:: Supplied information ::
▽
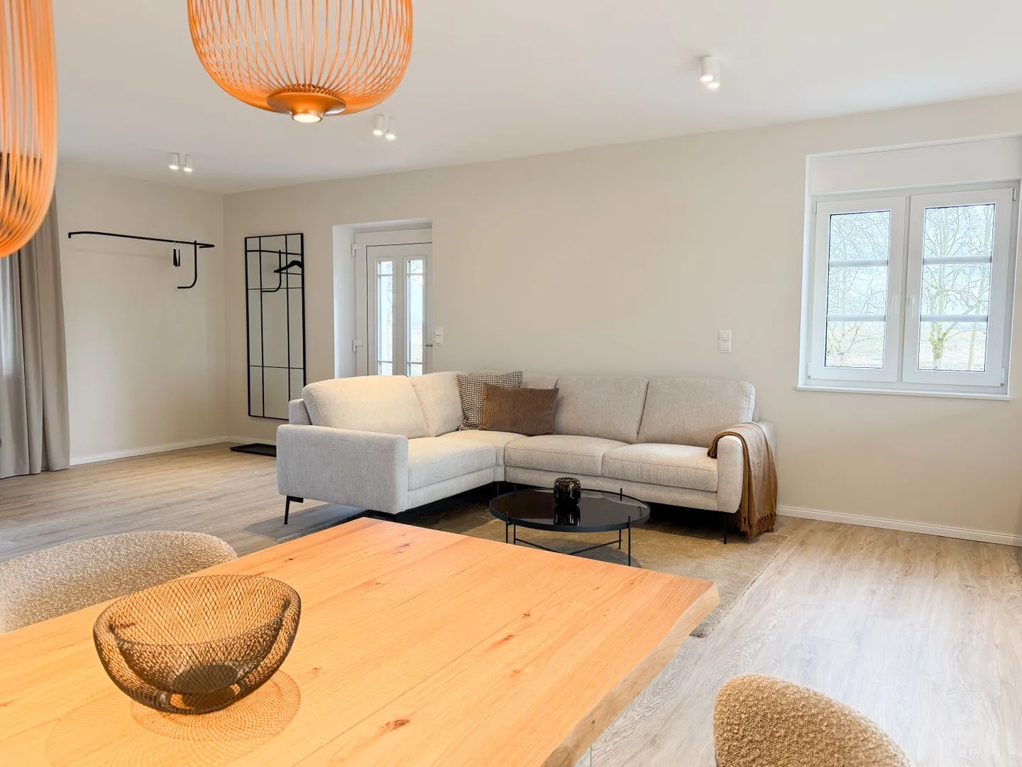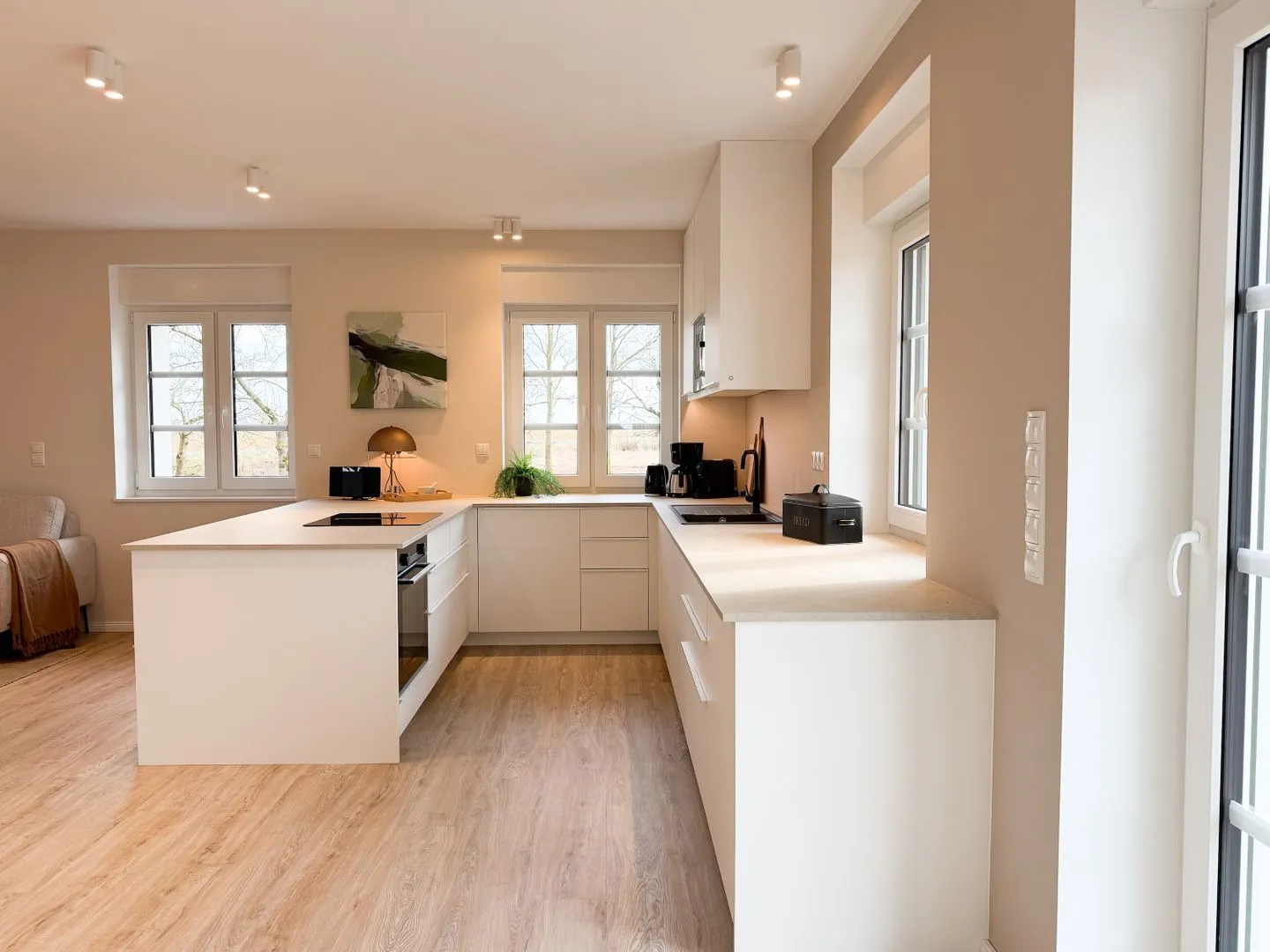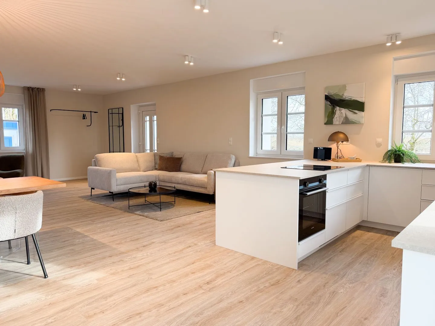 Der offene Wohnbereich bildet das Herz der Wohnung. Küche, Essplatz und Sofaecke gehen fließend ineinander über und schaffen eine entspannte Atmosphäre für gemeinsame Zeit. Ob Frühstück am Tisch, ein ruhiger Abend auf dem Sofa oder gemeinsames Kochen – hier findet alles seinen Platz. Die Küche ist umfassend ausgestattet und macht es leicht, sich auch im Urlaub unkompliziert selbst zu versorgen.
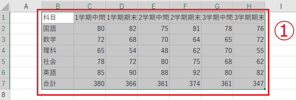 ①表にしたい範囲をドラッグします。
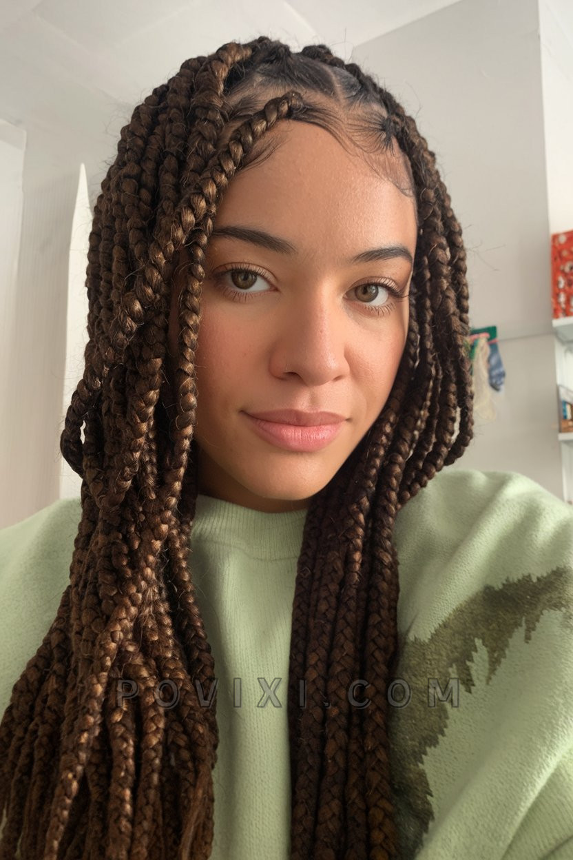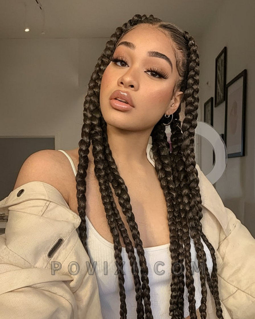 You can never go wrong with classic braids, and this style featuring long box braids with a sleek middle part and swooped baby hairs is a summer must-have. The length provides styling versatility — from ponytails to buns to half-up styles — while the neat parting keeps it looking clean and sharp. Box braids are more than a protective style — they’re a declaration of cultural pride and modern chic. Ideal for beach vacations or weekend getaways, this look keeps hair tucked away while letting your personality shine through.
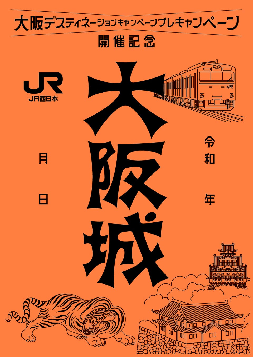 色の電車を彷彿させるようなカラーの用紙に、大阪城と乾櫓、大阪城にゆかりのある伏虎(ふくこ)、103系
△
:: Work item ::
Take the lines from the start of the listing above through the line with "①表にしたい範囲をドラッグします。", both ends included, and copy them exactly, leaving the pictures behind.

:: The completed task ::
 Der offene Wohnbereich bildet das Herz der Wohnung. Küche, Essplatz und Sofaecke gehen fließend ineinander über und schaffen eine entspannte Atmosphäre für gemeinsame Zeit. Ob Frühstück am Tisch, ein ruhiger Abend auf dem Sofa oder gemeinsames Kochen – hier findet alles seinen Platz. Die Küche ist umfassend ausgestattet und macht es leicht, sich auch im Urlaub unkompliziert selbst zu versorgen.
 ①表にしたい範囲をドラッグします。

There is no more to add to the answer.